Toutefois, cette tendance n’est pas unique aux fonds distincts, ajoute Mme Poulin. « On la remarque dans le marché des fonds en général. Avec la venue de la divulgation des frais aux clients avec l’entrée en vigueur de la deuxième phase du Modèle de relation client-conseiller (MRCC2) et du MRCC3, c’est un sujet un peu plus sensible qui explique ce que l’on observe. » « Les réductions des frais dans plusieurs produits d’investissement sont le résultat d’une pression qu’ils ont subi en raison de la concurrence dans le marché », renchérit Mme Salvadore.

Pour Gino Savard, président du cabinet MICA Services financiers, ce mouvement de la part des assureurs témoigne d’une volonté de porter les frais des fonds distincts au même niveau que ceux des fonds communs. « L’écart de frais entre les fonds communs et les fonds distincts ne cessent de s’amenuiser. Les assureurs sortent de nouvelles solutions de portefeuille en fonds distincts qui offrent des frais de gestion comparable à ceux des fonds communs. »

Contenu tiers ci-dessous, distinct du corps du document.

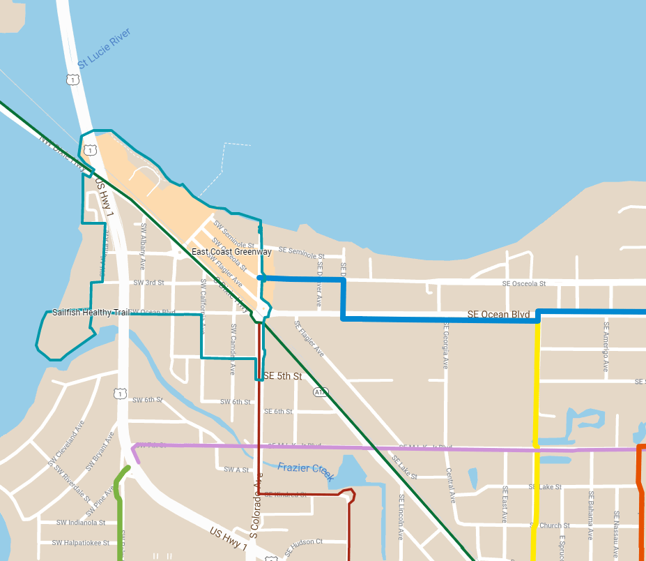 The trail will begin on Osceola St downtown and continue in open space available along Ocean Blvd in Memorial Park, in front of the Middle School, and at the old High School.
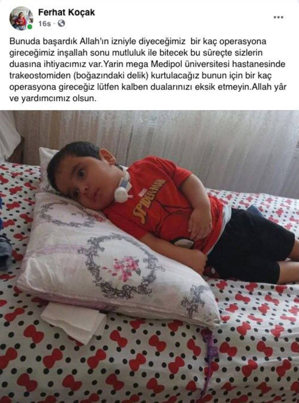 Baba Ferhat Koçak sosyal medya üzerinden yaptığı paylaşımda, ''Bunu da başardık. Allah'ın izniyle birkaç operasyona daha gireceğiz ve inşallah sonu mutlulukla bitecek. Bu süreçte sizlerin duasına ihtiyacımız var. Yarın özel bir hastanede trakeostomiden (boğazındaki delik) kurtulacağız.
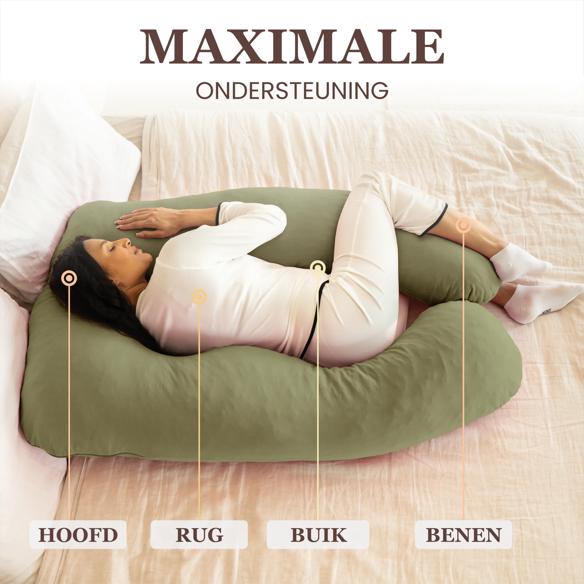 2. Lichaamsondersteuning: Het zwangerschapskussen biedt ondersteuning aan het hele lichaam, met extra aandacht voor het hoofd, de nek, de rug, de buik, de heupen en de benen.
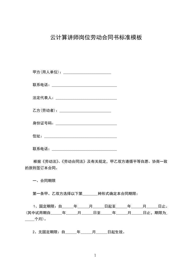 一、合同期限
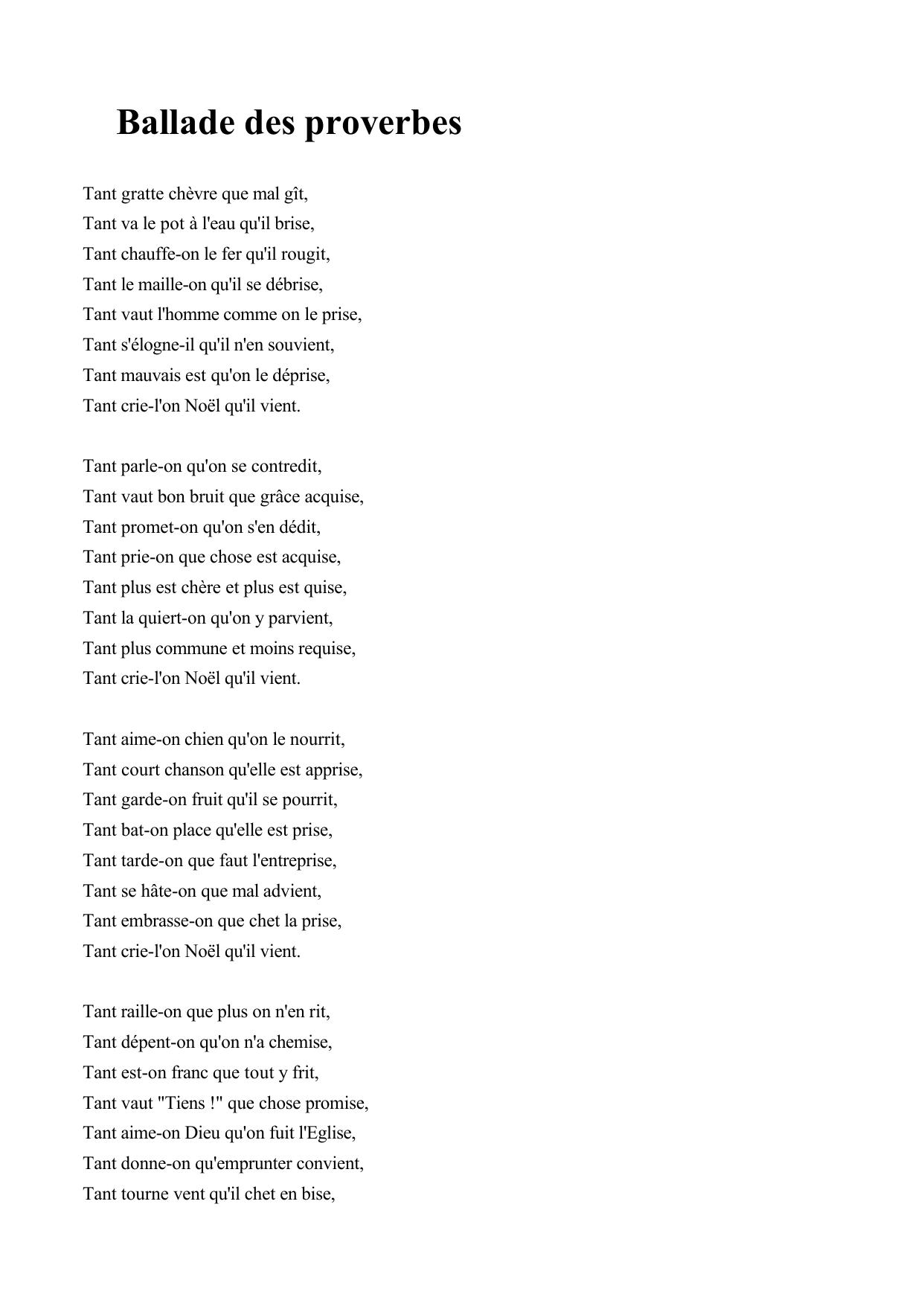 Ballade des proverbes

Par contre, Marie-Claude Poulin n’ose pas justifier la décision d’iA sur la seule base de cette volonté. « Chez nous, c’est l’intérêt de demeurer concurrentiel avant tout qui nous a amenés à prendre cette décision. »

L’arrivée des fonds négociés en bourse (FNB) a aussi contribué au lancement de la tendance de réduction de frais, en plus des efforts de divulgation. « Les fonds distincts ont leurs caractéristiques et leurs avantages qui leur sont propres. Ceux-ci ont un cout. Les assureurs se sont rendu compte que les frais étaient un peu trop élevés par rapport à d’autres produits. Pour les portefeuilles à revenus fixes, en raison des faibles taux d’intérêt et en tenant compte du frais de gestion et de la rémunération du conseiller, il ne restait plus grand-chose à l’investisseur. Le ratio entre les frais et le bénéfice n’était pas avantageux pour le client », explique Francis Sabourin, directeur, gestion de patrimoine et gestionnaire de portefeuille chez Sabourin Deraspe Gestion de patrimoine.

Si pour certains, les frais élevés les ont rebutés à explorer le marché des fonds distincts, plusieurs investisseurs n’en connaissent pas même l’existence. Un sondage mené par RBC Assurance au début de l’année révèle que, des 87 % des Canadiens âgés de 55 ans et plus qui souhaiteraient avoir un produit de placement offrant des garanties sur le capital, 60 % ne connaissaient pas les fonds distincts. De plus, seulement 17 % des répondants ont dit considérer les fonds distincts dans le cadre de leur plan de retraite. Qui plus est, 33 % d’entre eux ont affirmé ne pas voir d’inconvénients à ce que les frais soient plus élevés.

Éduquer les clients

Face à ce constat, Marie-Claude Poulin affirme qu’il relève de la responsabilité du conseiller d’en parler aux clients. « La solution est que le conseiller financier éduque ses clients. Pour eux, les fonds communs, les fonds distincts, la garantie de 75 % du capital, c’est du chinois. Le conseiller doit les aider à atteindre leurs objectifs financiers. Les fonds distincts sont une excellente alternative pour les clients qui veulent être prudents, grâce aux garanties. Elles ont un cout. En amenant trop le discours sur les frais, on oublie la valeur qu’apportent les conseillers. Ça peut rebuter certains clients à opter pour les fonds distincts dans leur stratégie d’épargne. »

Francis Sabourin avance que le fait qu’ils soient distribués uniquement par des conseillers en sécurité financière certifiés contribue à la méconnaissance du public. « Si les fonds distincts étaient aussi vendus par des conseillers avec la même certification que pour ceux qui vendent des fonds communs, ça pourrait être plus connu. »

Gino Savard concède que les fonds distincts ne sont pas suffisamment utilisés. Chez MICA services financiers, ceux-ci ne comptent que pour 10 % des nouvelles ventes, les 90 % restants étant consacrés aux fonds communs.